Establishing and maintaining high levels of data quality is a constant challenge for organizations -- and the unbridled growth in the amounts of data they're generating makes that task more difficult. The use of data to help uncover new business insights and drive effective decision-making is also increasing at a rapid pace. As a result, IT and data management teams are contending with more data that is more important to their organization.
A reactive approach to data quality improvement is like firefighting: We respond to data quality issues after they occur, jumping from one crisis to another. The biggest issues get the most attention, and the overall number of them often continues to escalate. On the other hand, a proactive program to improve data quality aims to avoid data errors and other issues and to identify ones that do occur before they become a problem.
Doing so ensures that data-driven decisions are based on good information. It also supports the broader objectives of data governance programs, which often incorporate data quality efforts.
What is data quality?
Name a technology, architecture, product or best practice and you'll find lively debates occurring between its proponents and critics. But one thing that everybody in IT agrees on is the adage garbage in, garbage out, or GIGO. It succinctly states the informal rule that the quality of the information produced by a computer process depends on the quality of the data it uses. If incorrect data is input, the output will also be incorrect.
That's why good data quality is so important to organizations. Data quality measures the condition of data elements to identify issues and assess their overall "level of truth." That enables an organization to judge whether data is fit for its intended purpose and can be relied on for decision-making.
IT and data management teams use a varying number of dimensions to measure data quality, but the following are the most common ones:
- Accuracy. Does the data correctly describe the real-world object or event to which it pertains?
- Completeness. Does the data contain all of the attributes needed to provide a full and accurate description of the object or event?
- Consistency. Is a particular data element the same across different systems and data stores in an organization?
- Timeliness. Is the data up to date and available for use when it's needed?
- Conformity. Does the data conform to the organization's documented set of business definitions and specifications, including standards on data type, size and format?
- Integrity. Can a data element's relationship with others it is connected to across the enterprise be traced to ensure that all of the information is reliable?
- Uniqueness. Does a record pertaining to an object or event appear only once in a data set, or are there duplicate entries?
What causes data quality problems?
There are myriad reasons for data quality issues -- for example, manual data entry errors and software programming mistakes. When incorrect data is discovered, data quality specialists or other data and analytics professionals will identify and correct the issues through steps such as data profiling and data cleansing. The data quality team also recommends corrective measures to make sure the same problems don't reoccur in the future.

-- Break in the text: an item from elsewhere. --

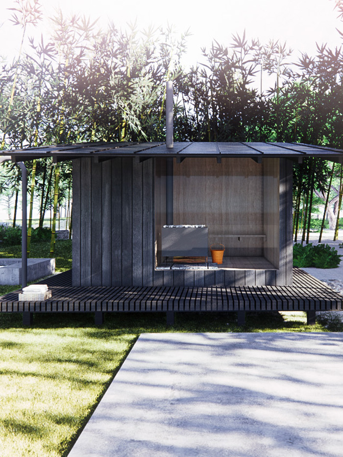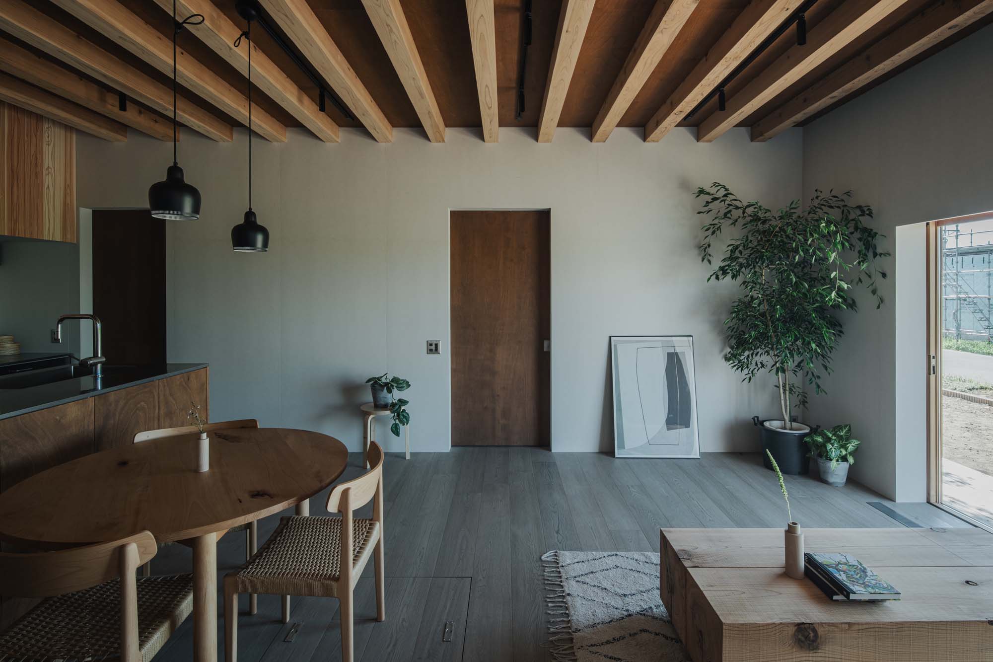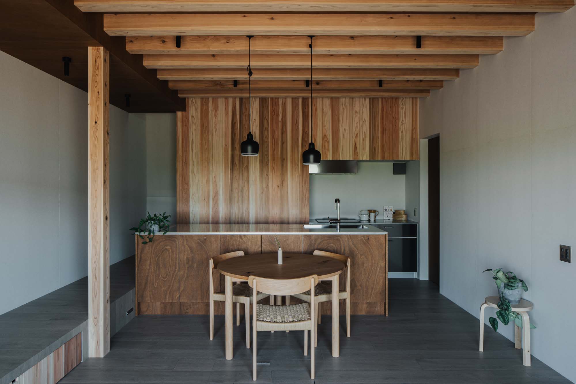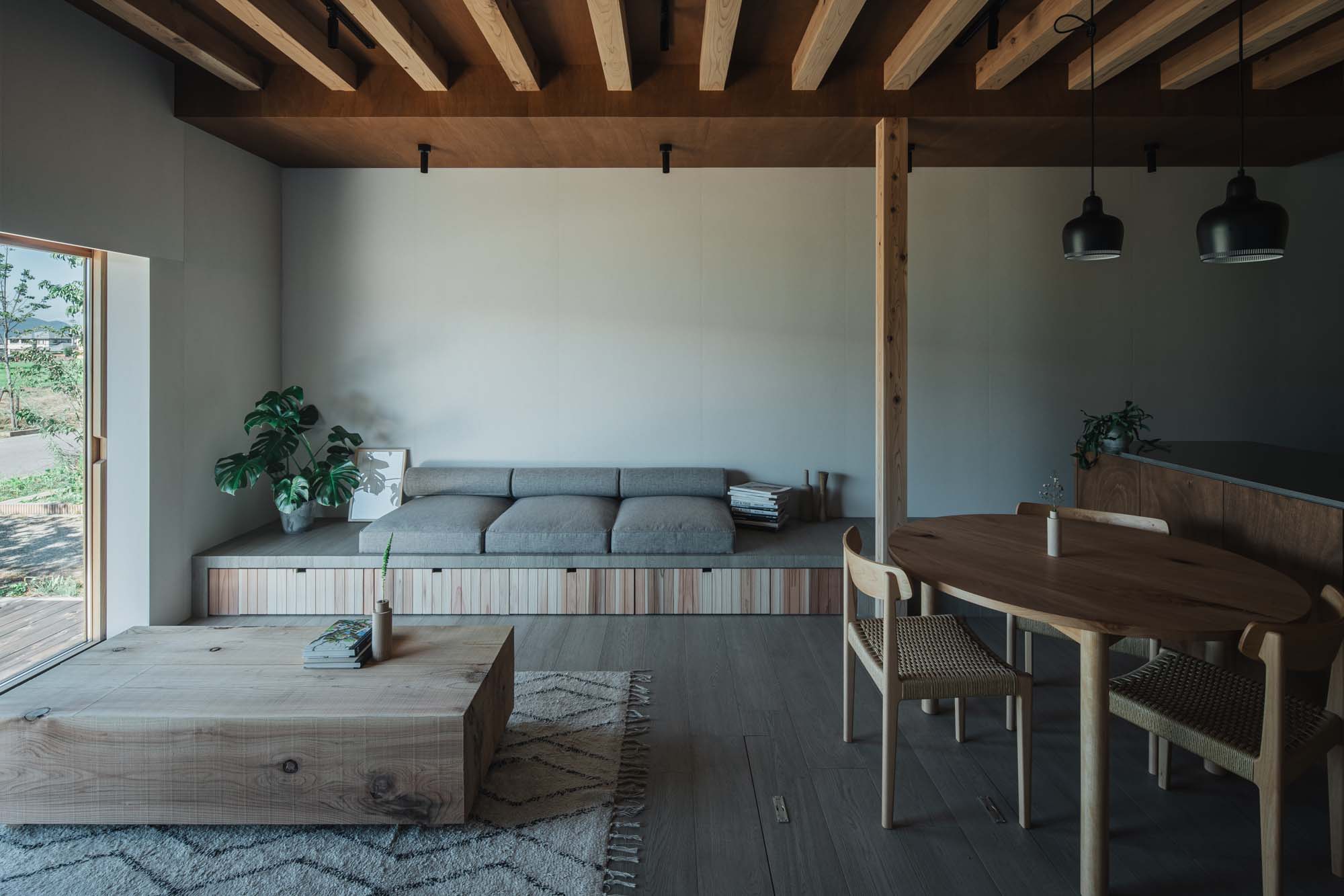自然を感じさせるミニマルなインテリアは既存の木造住宅を踏襲しながら近代的な暮らしへアップデートされた空間。木々の香りを感じながら、住まう人、訪れる人を癒してくれる小屋をかたちに。

But systemic weaknesses that result in enterprise-wide data quality issues are much more challenging to resolve. During my career, I've identified the following set of common root causes that contribute to organizational problems on data quality and hamper efforts to improve it:
Not treating data as an enterprise asset. Despite all of the articles, reports and academic papers on the intrinsic business value of data, there are organizations that continue to underestimate its importance. As a consultant, I've found that many of these organizations are relatively new, small in size and still in the process of growing their IT environment. As a result, they've yet to build the support infrastructure of people, processes and products that they need to effectively manage and govern data, including a concerted effort to track and improve data quality.
A lack of buy-in from upper management on the importance of data quality. Although this is becoming rarer, some senior management teams still aren't convinced that the expenditures required to ensure high-quality data are warranted. As we'll see later, organizations can achieve good data quality on a tight technology budget. But even then, management needs to allocate personnel to data quality initiatives, which it may be reluctant to do if it isn't sold on the need for such work.
IT teams not having the time to fully implement and monitor data quality best practices. Instead of focusing on transforming data into trustworthy insights, many organizations are drowning in their data. From data creation and initial storage to data preparation, analysis, presentation and ongoing governance, the IT team is unable to contend with quality issues in the rapidly growing data volumes. Even if the appropriate data governance infrastructure and processes are in place, team members may be forced to triage new data sets when they apply data quality measures.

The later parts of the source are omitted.